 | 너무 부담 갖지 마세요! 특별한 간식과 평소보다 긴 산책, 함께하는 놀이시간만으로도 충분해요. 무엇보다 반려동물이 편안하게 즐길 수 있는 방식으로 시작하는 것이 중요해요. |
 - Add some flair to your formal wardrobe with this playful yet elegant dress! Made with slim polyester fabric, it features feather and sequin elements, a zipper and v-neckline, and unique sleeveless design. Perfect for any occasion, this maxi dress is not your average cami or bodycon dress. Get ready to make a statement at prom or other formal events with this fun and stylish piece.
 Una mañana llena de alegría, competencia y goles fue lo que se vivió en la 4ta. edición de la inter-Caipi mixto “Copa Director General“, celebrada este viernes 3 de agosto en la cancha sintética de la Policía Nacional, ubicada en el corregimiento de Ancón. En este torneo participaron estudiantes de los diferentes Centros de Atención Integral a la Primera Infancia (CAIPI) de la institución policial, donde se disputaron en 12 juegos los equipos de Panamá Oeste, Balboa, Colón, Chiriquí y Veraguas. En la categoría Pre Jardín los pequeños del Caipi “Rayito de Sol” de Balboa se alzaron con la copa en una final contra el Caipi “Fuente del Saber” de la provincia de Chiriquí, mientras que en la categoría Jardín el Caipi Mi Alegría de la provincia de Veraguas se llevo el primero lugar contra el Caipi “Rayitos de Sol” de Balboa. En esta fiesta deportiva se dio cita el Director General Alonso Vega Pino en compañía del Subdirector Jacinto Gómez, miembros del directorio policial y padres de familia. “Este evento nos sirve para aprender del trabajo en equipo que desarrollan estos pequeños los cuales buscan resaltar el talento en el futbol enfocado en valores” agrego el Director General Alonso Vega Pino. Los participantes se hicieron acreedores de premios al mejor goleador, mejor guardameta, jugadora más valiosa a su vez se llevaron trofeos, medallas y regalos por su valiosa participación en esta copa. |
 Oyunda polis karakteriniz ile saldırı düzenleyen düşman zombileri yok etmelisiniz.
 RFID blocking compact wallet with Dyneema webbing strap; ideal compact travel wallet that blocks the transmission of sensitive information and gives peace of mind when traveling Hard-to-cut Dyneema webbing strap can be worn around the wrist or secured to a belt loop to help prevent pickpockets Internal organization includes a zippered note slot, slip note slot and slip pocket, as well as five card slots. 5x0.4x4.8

...

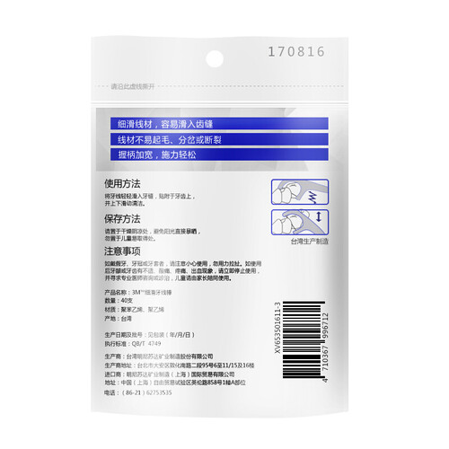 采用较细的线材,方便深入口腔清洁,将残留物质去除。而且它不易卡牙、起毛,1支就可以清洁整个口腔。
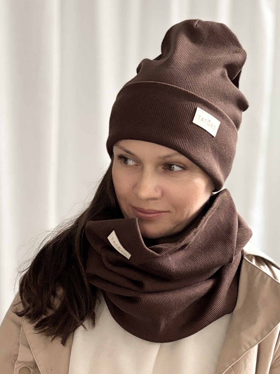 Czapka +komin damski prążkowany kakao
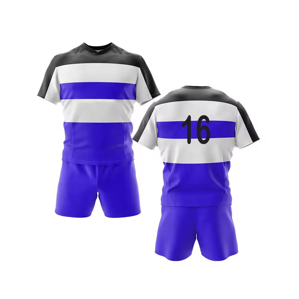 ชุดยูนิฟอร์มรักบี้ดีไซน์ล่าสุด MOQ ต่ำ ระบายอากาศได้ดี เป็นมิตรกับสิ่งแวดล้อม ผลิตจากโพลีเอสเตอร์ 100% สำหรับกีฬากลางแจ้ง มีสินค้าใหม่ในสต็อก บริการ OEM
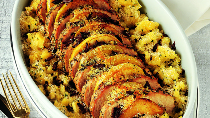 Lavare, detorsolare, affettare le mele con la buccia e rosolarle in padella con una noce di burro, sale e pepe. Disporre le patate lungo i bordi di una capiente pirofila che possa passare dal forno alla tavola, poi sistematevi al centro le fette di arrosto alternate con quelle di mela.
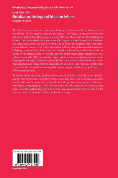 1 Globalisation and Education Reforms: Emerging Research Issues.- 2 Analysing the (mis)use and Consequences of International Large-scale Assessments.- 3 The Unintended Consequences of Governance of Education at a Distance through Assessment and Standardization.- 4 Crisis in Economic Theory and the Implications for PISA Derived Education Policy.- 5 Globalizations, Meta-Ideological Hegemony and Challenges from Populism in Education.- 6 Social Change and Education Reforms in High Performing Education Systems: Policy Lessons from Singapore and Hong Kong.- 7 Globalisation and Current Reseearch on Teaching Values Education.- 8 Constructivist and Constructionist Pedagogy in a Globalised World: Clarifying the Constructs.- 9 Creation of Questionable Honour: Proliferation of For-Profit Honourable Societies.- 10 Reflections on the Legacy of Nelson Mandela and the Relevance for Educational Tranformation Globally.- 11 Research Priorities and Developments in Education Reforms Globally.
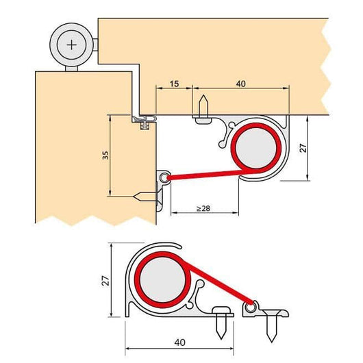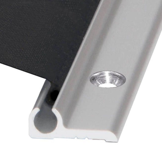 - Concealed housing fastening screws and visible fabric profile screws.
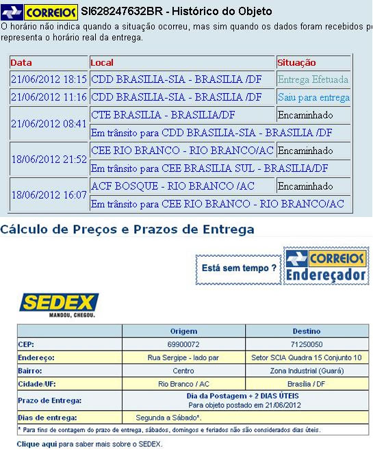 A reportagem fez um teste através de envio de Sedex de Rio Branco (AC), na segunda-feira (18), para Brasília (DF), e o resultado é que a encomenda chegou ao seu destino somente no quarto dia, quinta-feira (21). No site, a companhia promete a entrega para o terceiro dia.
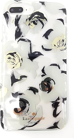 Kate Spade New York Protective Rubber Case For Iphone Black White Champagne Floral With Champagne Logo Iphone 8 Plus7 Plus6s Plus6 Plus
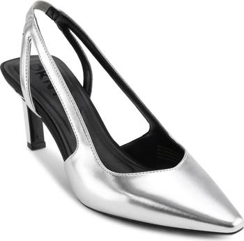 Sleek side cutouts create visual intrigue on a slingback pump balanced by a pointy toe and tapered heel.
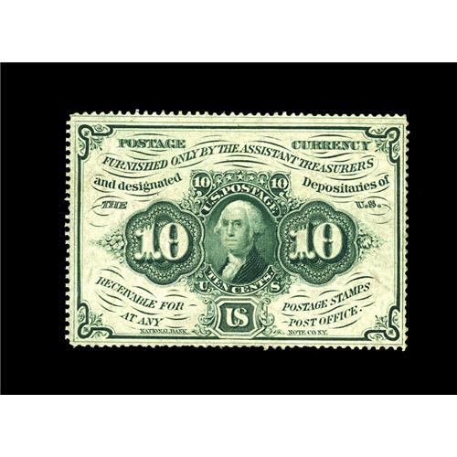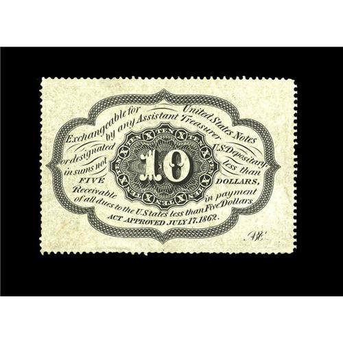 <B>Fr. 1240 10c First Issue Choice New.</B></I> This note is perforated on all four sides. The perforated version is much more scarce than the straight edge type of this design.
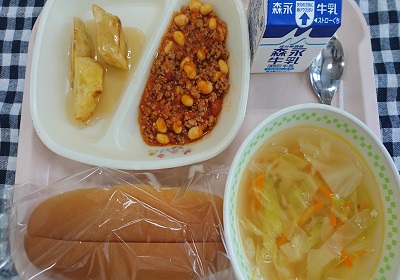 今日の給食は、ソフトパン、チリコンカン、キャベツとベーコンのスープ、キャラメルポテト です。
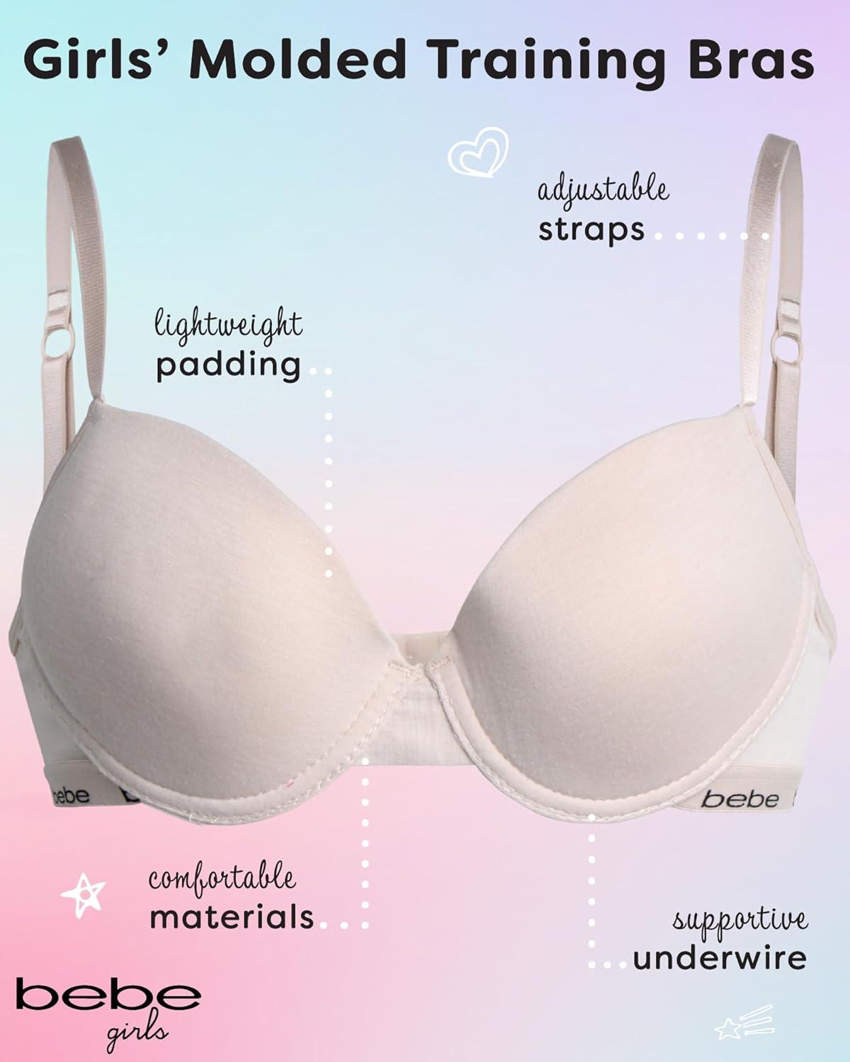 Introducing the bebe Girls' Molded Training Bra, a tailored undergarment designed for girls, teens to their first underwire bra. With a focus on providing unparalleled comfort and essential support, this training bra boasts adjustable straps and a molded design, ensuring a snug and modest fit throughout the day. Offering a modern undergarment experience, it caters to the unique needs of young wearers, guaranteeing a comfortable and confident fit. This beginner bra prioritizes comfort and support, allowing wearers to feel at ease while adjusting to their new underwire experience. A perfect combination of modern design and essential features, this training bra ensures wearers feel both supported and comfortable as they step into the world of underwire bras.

• [Assigned task]: Each line in the entries above, starting at the line with "시작하는 것이 중요해요. |" and ending at the line with "- Add some flair", is to be printed exactly, and only those lines.

• [Exercise output]:
 | 너무 부담 갖지 마세요! 특별한 간식과 평소보다 긴 산책, 함께하는 놀이시간만으로도 충분해요. 무엇보다 반려동물이 편안하게 즐길 수 있는 방식으로 시작하는 것이 중요해요. |
 - Add some flair to your formal wardrobe with this playful yet elegant dress! Made with slim polyester fabric, it features feather and sequin elements, a zipper and v-neckline, and unique sleeveless design. Perfect for any occasion, this maxi dress is not your average cami or bodycon dress. Get ready to make a statement at prom or other formal events with this fun and stylish piece.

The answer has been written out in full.